**Data excerpts:**
-=-=-
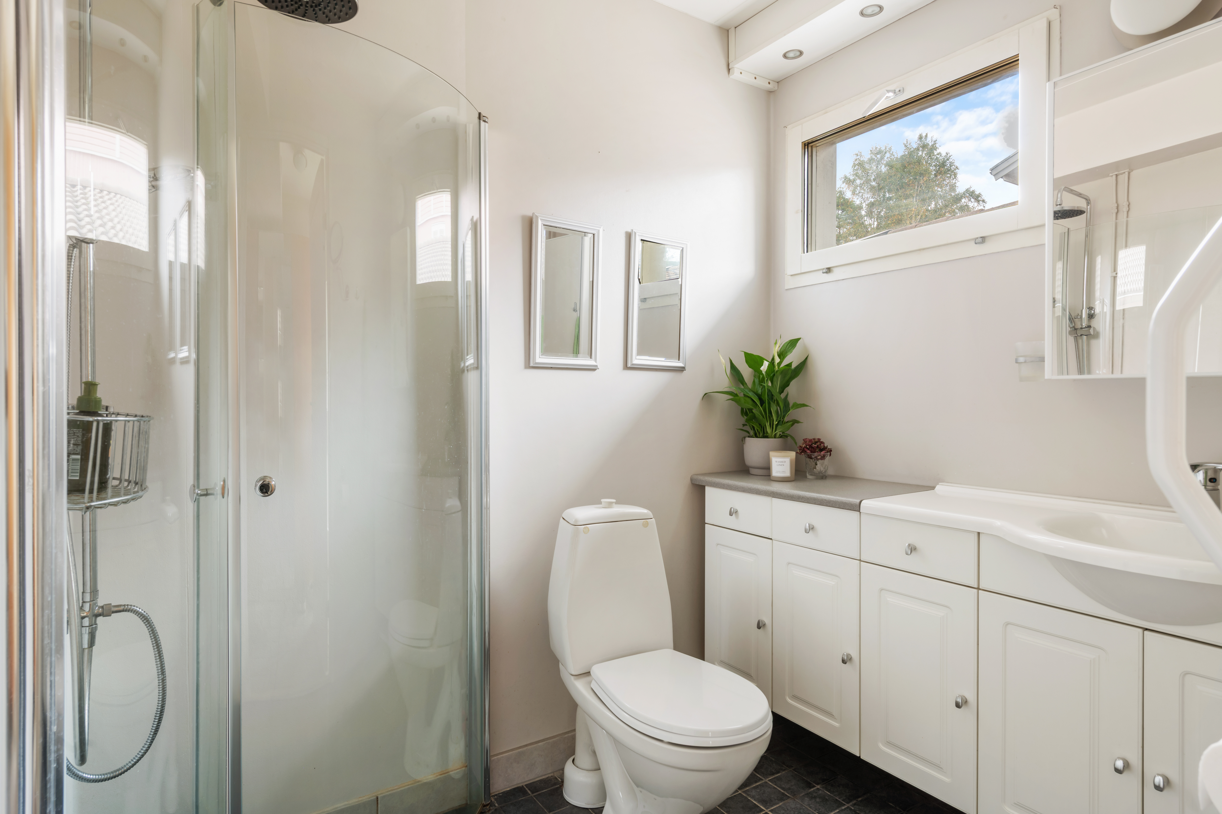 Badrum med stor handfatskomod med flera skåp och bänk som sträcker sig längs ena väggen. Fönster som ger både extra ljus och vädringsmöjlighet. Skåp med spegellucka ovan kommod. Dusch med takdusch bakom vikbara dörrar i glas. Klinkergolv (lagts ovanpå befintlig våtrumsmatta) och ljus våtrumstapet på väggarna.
-=-=-
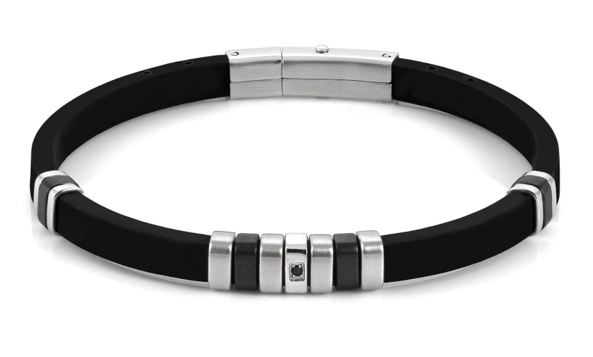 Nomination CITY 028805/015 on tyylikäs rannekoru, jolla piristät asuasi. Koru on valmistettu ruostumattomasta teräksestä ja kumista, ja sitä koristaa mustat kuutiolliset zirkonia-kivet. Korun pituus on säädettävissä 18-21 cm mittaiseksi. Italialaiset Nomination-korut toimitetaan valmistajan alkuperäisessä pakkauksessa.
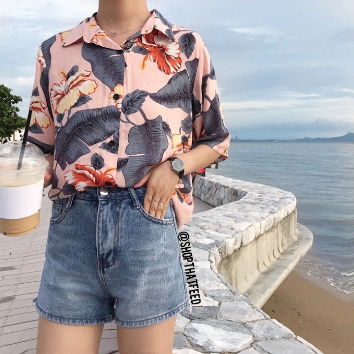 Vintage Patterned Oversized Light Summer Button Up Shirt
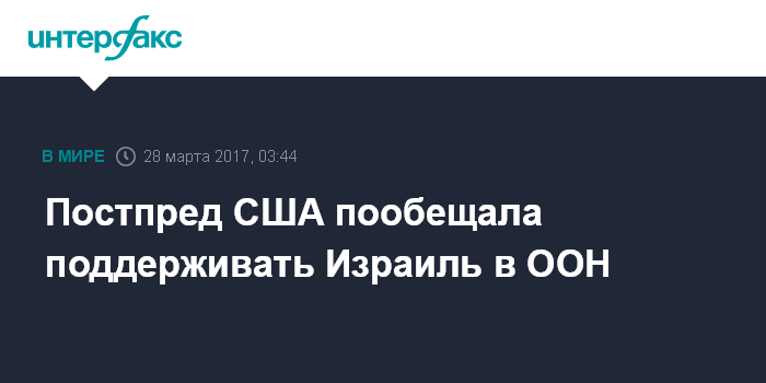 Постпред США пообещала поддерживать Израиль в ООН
-=-=-
**Task goal:** In the entries above, every line from the line with "Nomination CITY 028805/015" to the line with "Постпред США пообещала" is to be printed exactly, with both ends included and pictures excluded.

**Solution:**
 Nomination CITY 028805/015 on tyylikäs rannekoru, jolla piristät asuasi. Koru on valmistettu ruostumattomasta teräksestä ja kumista, ja sitä koristaa mustat kuutiolliset zirkonia-kivet. Korun pituus on säädettävissä 18-21 cm mittaiseksi. Italialaiset Nomination-korut toimitetaan valmistajan alkuperäisessä pakkauksessa.
 Vintage Patterned Oversized Light Summer Button Up Shirt
 Постпред США пообещала поддерживать Израиль в ООН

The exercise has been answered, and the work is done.